An application that detects and tracks objects from iPhone camera input, then projects them onto a ground plane to visualize world coordinates.
1. Problem and Goal
Typical object detection screens show what is visible, but they do not adequately explain how the same object moves over time or where it is in real space.
On iPhones without LiDAR, perspective and height errors combined with high resource usage make it difficult to build a practical pipeline.
The project has three goals.
- Integrate real-time object detection, object tracking, and plane-based world coordinate interpretation and visualization into a single stable pipeline on a standalone iPhone.
- Find a balance between achievable accuracy and latency under limited sensor and compute resources.
- Record bottlenecks and error characteristics reproducibly through per-stage performance measurement and establish improvement baselines.
2. Demo
3. Key Features
- Object detection:
- On-device machine learning inference to compute object class and location
- Object tracking:
- Maintains object IDs to link the same object across frames
- Plane-based world coordinate transform:
- Projects the bottom-center point of each object onto the ground plane and converts it to plane-based world coordinates
4. Why This Approach Over Alternatives
SLAM and visual odometry–based approaches were also considered.
However, the primary goal of this project was to stably integrate real-time detection, tracking, and plane-based world coordinate interpretation and visualization on a standalone iPhone.
The key reasoning was as follows.
- Computationally intensive alternative paths could impose significant compute and memory overhead on mobile devices.
- Additional spatial sensors (depth cameras, LiDAR) could reduce error and compute burden in some paths.
This project is largely experimental in nature, testing how far plane-based world coordinate interpretation can go under limited sensor and resource constraints.
The test device was limited to iPhone 16e, so LiDAR-based paths were excluded.

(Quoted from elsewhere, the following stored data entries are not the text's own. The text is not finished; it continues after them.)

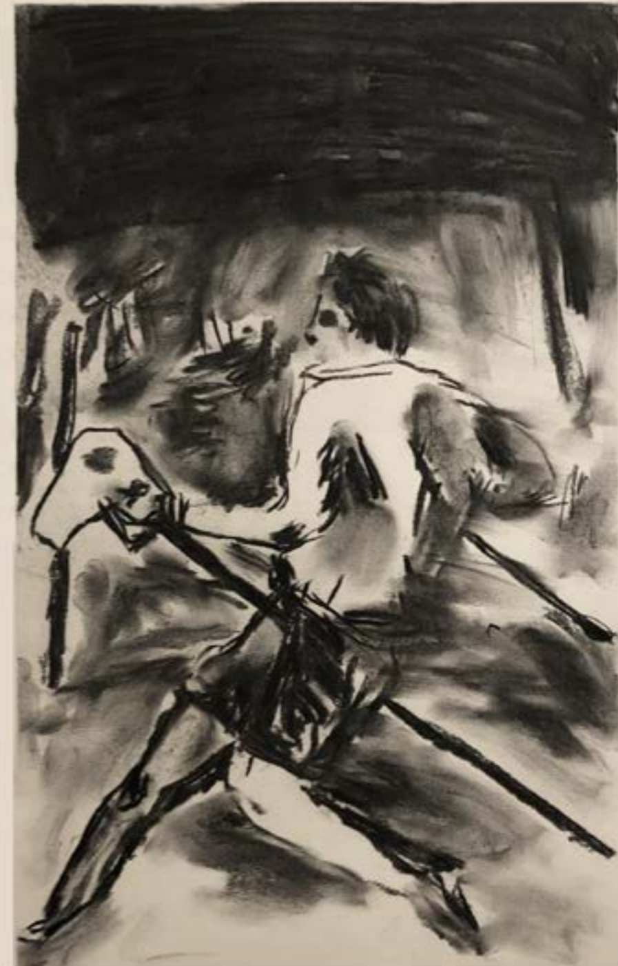
figura 27. frame da vitória , carvão sobre papel, 130x95 cm, 2021.

“O tema deste artigo é um cavalinho de pau bastante comum. Não é metafórico nem puramente imaginário, pelo menos não mais do que o cabo de vassoura (...). Geralmente se contenta em ocupar seu lugar no canto do quarto da criança e não nutre ambições estéticas (...). Como devemos referir-nos a ele? Devemos descrevê-lo “a imagem de um cavalo”? (...) O retrato de um cavalo? (...) Um substituto para um cavalo?” [GOMBRICH, 1999, pg.1]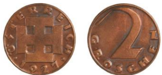
RAKOUSKO, Vídeň, 2groš 1927 - 1 ks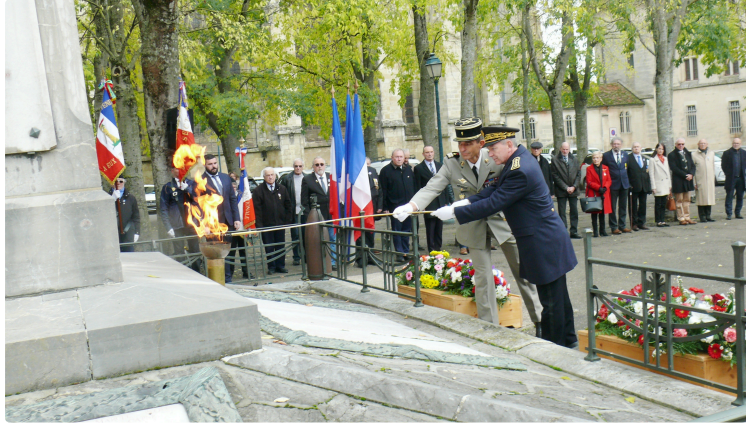
Hommage aux "Morts pour la France" pendant la guerre d'Algérie et pendant les combats du Maroc et de la Tunisie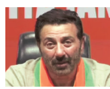
The property belonging to Sunny Deol known as Sunny Villa, occupies an area of 599.44 square metres on Gandhigram Road in Juhu

Elaborating on the technical reasons for withdrawing the notice, a Bank of Baroda spokesperson said that the total dues did not specify the exact quantum to be recovered. And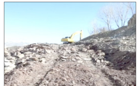
محور دوخواهران بلوار امام حسین (ع) به طول یک کیلومتر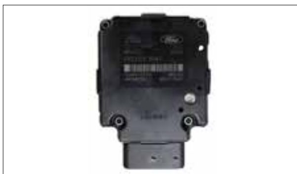
Défauts divers (par ex. moteur de pompe défectueux ou défaut relais de valve)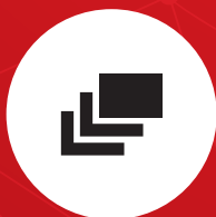
分散アプリケーション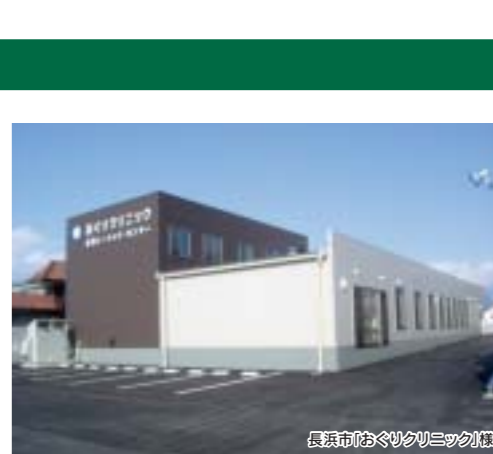
長浜市(おどりクリック)棟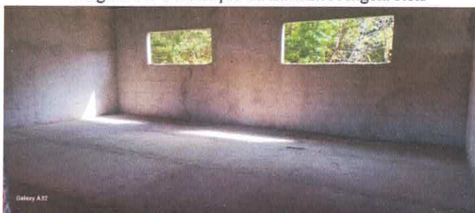
Imagem 06: Construção da E.M.E.F. Ângela Reis

The project relied on Apple’s augmented reality framework for pose estimation and plane ray casting.
5. Performance Optimization and Test Environment
Key optimizations applied:
- Eliminated redundant plane-based world coordinate transform calls
- Per-object ray casting cache with motion-based reuse
- Configurable frame interval for re-verification
- Scene update rate limiting
- Latency sample synchronization improvements
Test environment:
- Device: iPhone 16e (physical device)
- OS: iOS 26
- Build: Debug
- Camera frame rate: 30 or 60
- Object detection frame rate: 10–60
- Measured across combinations of object tracking, ground plane computation, and world view mode
6. Results and Limitations
Real-time detection, object tracking, and plane-based world coordinate visualization are operational, and per-stage performance measurement enables bottleneck identification.
Key observations (based on current testing):
- A model performance verification workflow was established for mobile environments.
- iPhone-estimated object positions on the plane showed relatively small errors in some scenes.
- Errors increased when real-world height changes were interpreted as in-plane movement.
- Perspective inference and height estimation based on the ground plane were prone to error accumulation.
- Augmented reality framework–based plane estimation, pose estimation, and world projection had high resource usage.
- For top-down 2D views, homography-based transforms could be an alternative, though a definitive comparison requires further controlled experiments.
In summary, the system works even on devices like iPhone 16e without LiDAR, but there is a clear trade-off between perspective/height accuracy and resource usage.
On higher-end devices with LiDAR, different pose estimation and depth utilization paths could reduce errors.